Сакля — спуск в какое-то подземелье. Своеобразие обстановки
этого восточного обиталища было так необычно! Я растерянно остановилась на
пороге. В облаках табачного дыма стали вырисовываться силуэты чёрных людей,
сидящих за столом и уплетающих жирную баранину. Среди них был Голованов. Все
эти на первый взгляд дикие люди оказались товарищами, членами Союзного совета.
Из членов Союзного совета в Тифлисе тогда пришлось иметь дело со стариком
Цхакая (Миха), которого звали Гурген, совсем ещё молодым Сталиным (Сосо), затем
с покойным Сашей Цулукидзе (он уже тогда был тяжело болен).
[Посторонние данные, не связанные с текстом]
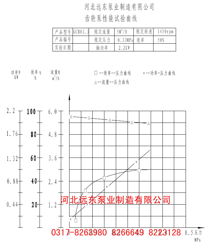 KCB83.3齒輪泵性能試驗(yàn)曲線圖:該齒輪泵流量5m3/h,壓力0.33Mpa,效率50%,軸功率2.2KW |

Запомнилось, что
толковали на этом собрании о тяжёлом положении организации, которая находится
накануне провала, и о необходимости затребовать подкрепление из центра. Решено
было Голованова направить в Баку, а меня оставить в Тифлисе организатором
одного из районов. Гурген — Миха Цхакая — должен был связать меня с районом.
Долго это не удавалось сделать. За ним была слежка. А когда связал меня,
наконец, кое с кем из рабочих, то и за мною стали следить шпики. Из моей работы
в Тифлисе почти ничего не вышло, если не считать двух-трёх небольших рабочих
собраний, проведённых мною, да участия в одном довольно многолюдном собрании
пропагандистов.
Моё неудачное начало в Тифлисе могло бы в ближайшее же время
повести к аресту. Поэтому товарищи нашли наиболее целесообразным
транспортировать и меня в Баку. Там благополучно работал в комитете, проживая
без всякой прописки, бывший тифлисский Голованов, теперь тов. Ефрем, — Владимир
Бобровский. Хозяин его квартиры, бухгалтер Отто Васильевич Винтер, как человек,
нам сочувствовавший, ничего не имел против того, чтобы беспаспортный жилец его
Ефрем обзавёлся такой же беспаспортной женой Ольгой Петровной. Таким образом
приобрела я в Баку оседлость и полное право гражданства. А Ольга Петровна так
привилась ко мне, что в продолжение ряда лет я работала в организации под этим
именем. Даже сейчас многие старые товарищи, особенно московские, продолжают так
называть меня. Бакинская обстановка работы осенью 1904 г. была сложна до
чрезвычайности. На первом же заседании комитета, в состав которого я была
кооптирована, обсуждался вопрос о всеобщей забастовке. Последняя вскоре и
началась. Не успела я осмотреться, как была вовлечена в круг больших событий.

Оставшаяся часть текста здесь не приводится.